Coroutine has an automatic cancel mechanism when encountering errors. That is, when the parent receives a propagated exception, it will cancel all child coroutines. Knowing this and handling exceptions properly will help our application limit memory leaks,
OK, that’s the theory, now let’s learn how to handle exceptions in coroutine.
Try/Catch block
This is probably the simplest way to handle it. We are still using this method even without using coroutines.
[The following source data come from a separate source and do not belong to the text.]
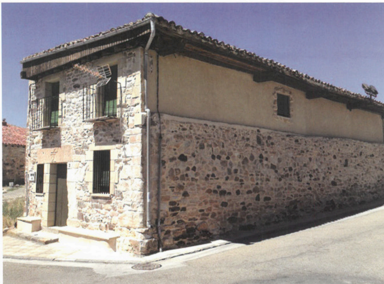
Edificio del hospital San Sebastián y detalle del dintel de la puerta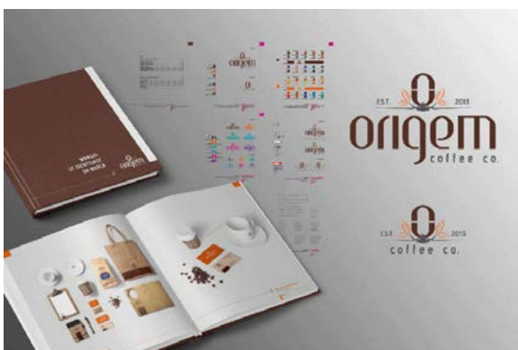
Marca e MIV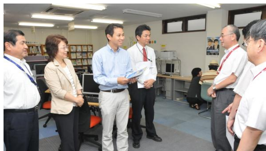
【山口県内の雇用状況について話を聞く】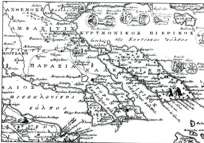
Η Χαλκιδική στον χάρτη της αρχαίας Ελλάδος του Delisle πάνω και στην «Χάρτα της Ελλάδος» κάτω με την ταυτόσημη μορφολογία.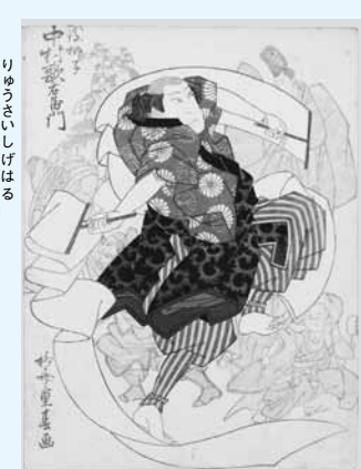
柳斎重春「四代目中村歌右衛門の越後獅子」天保9年(1838) 山村流六世宗家 山村友五郎氏蔵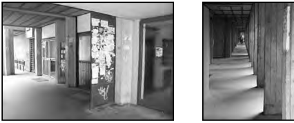
Budapest – Békásmegyér.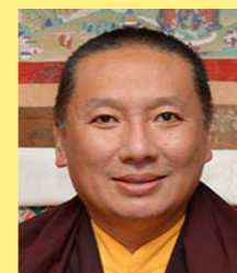
Zurmang Gharwang Rinpoche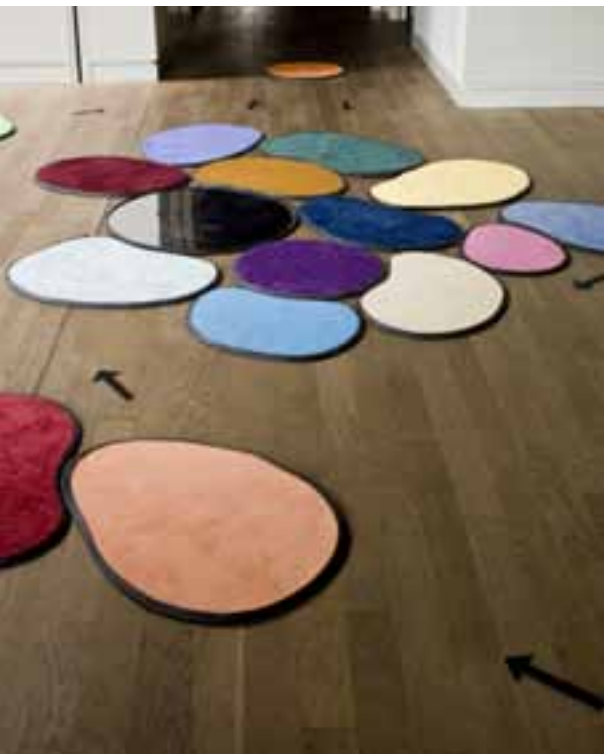
Constellation of Support Teppich, Gummi, Spiegel, gerahmter Digitaldruck 2011

»Das Selbst ist trotz seiner diffusen Bedeutung und prekären Unwirklichkeit eine zentrale Kategorie in der Analyse und Evaluation des modernen Menschen. Wohingegen die Leute früher noch den relativ statisch-passiven Begriff der Seele bevorzugten, um die Essenz einer Person zu umschreiben, hat das letzte Jahrhundert, beflügelt durch neue Wissenschaften wie der Psychologie, dem Selbst die Hauptrolle im Drama des alltäglichen Lebens übertragen. Für moderne Diskurse über das Selbst - angefangen von der Psychoanalyse bis hin zur New Age Spiritualität - repräsentiert das Selbst nichts weniger als die fundamentale Basis, das reflektiert-reflektierende Zentrum des Universums. Allerdings ist das Selbst dabei keine festgeschriebene Größe: Der alles entscheidende Faktor in der modernen Lehre vom Selbst liegt in ihrer Forderung nach Optimierung und Dynamisierung und dem damit einhergehenden Glücksversprechen. Die neuen Imperative lauten folglich: Finde dich selbst! Erkenne dich selbst! Sei du selbst! Verwirkliche dich selbst! etc. Diese Imperative gehen einher mit einer Vielzahl von Methoden und Praktiken, welche sich auf die Umsetzung genau dieses Versprechens von Harmonie zwischen Selbst und Umwelt spezialisiert haben.

For example:
GlobalScope.launch {
try {
val result = 10/0
}catch (e: Exception) {
Log.d("Coroutine", "$e")
}
}
Output:
java.lang.ArithmeticException: divide by zero
This is the simplest way to handle errors, but also the most difficult. Imagine when your coroutine starts many child coroutines, we will have to handle errors for all of those coroutines. For example:
GlobalScope.launch {
launch {
try {
val numberResult = 10/0
}catch (e: ArithmeticException) {
Log.d("Coroutine", "$e")
}
}
launch {
try {
val stringResult = "".substring(10)
} catch (e: StringIndexOutOfBoundsException) {
Log.d("Coroutine", "$e")
}
}
}
Output:
java.lang.ArithmeticException: divide by zero
java.lang.StringIndexOutOfBoundsException: length=0;
As you can see in the example above, we have to handle the exception twice for 2 child coroutines. So this method is not very convenient and is rarely used.
Coroutine exception handler
This is a simpler way of processing than the above method. When defining CoroutineContext, we declare CoroutineExceptionHandler to handle exceptions. For example:
GlobalScope.launch (Dispatchers.Default + CoroutineExceptionHandler { coroutineContext, throwable ->
Log.d("Coroutine", "$throwable")
}) {
launch {
delay(1000)
val numberResult = 10/0
}
launch {
delay(500)
val stringResult = "".substring(10)
}
}
Output:
java.lang.StringIndexOutOfBoundsException: length=0;
There are 2 things to analyze here:
We have declared CoroutineExceptionHandler to handle exceptions. Thanks to it, we know which error was thrown, and from which coroutineContext.
For example, both child coroutines can throw exceptions, but only one error will be printed. The reason is that as soon as StringIndexOutOfBoundsException is thrown, the parent coroutine will cancel all of its child coroutines. So in this case ArithmeticException cannot be thrown.
What if we use CoroutineExceptionHandler on child coroutines.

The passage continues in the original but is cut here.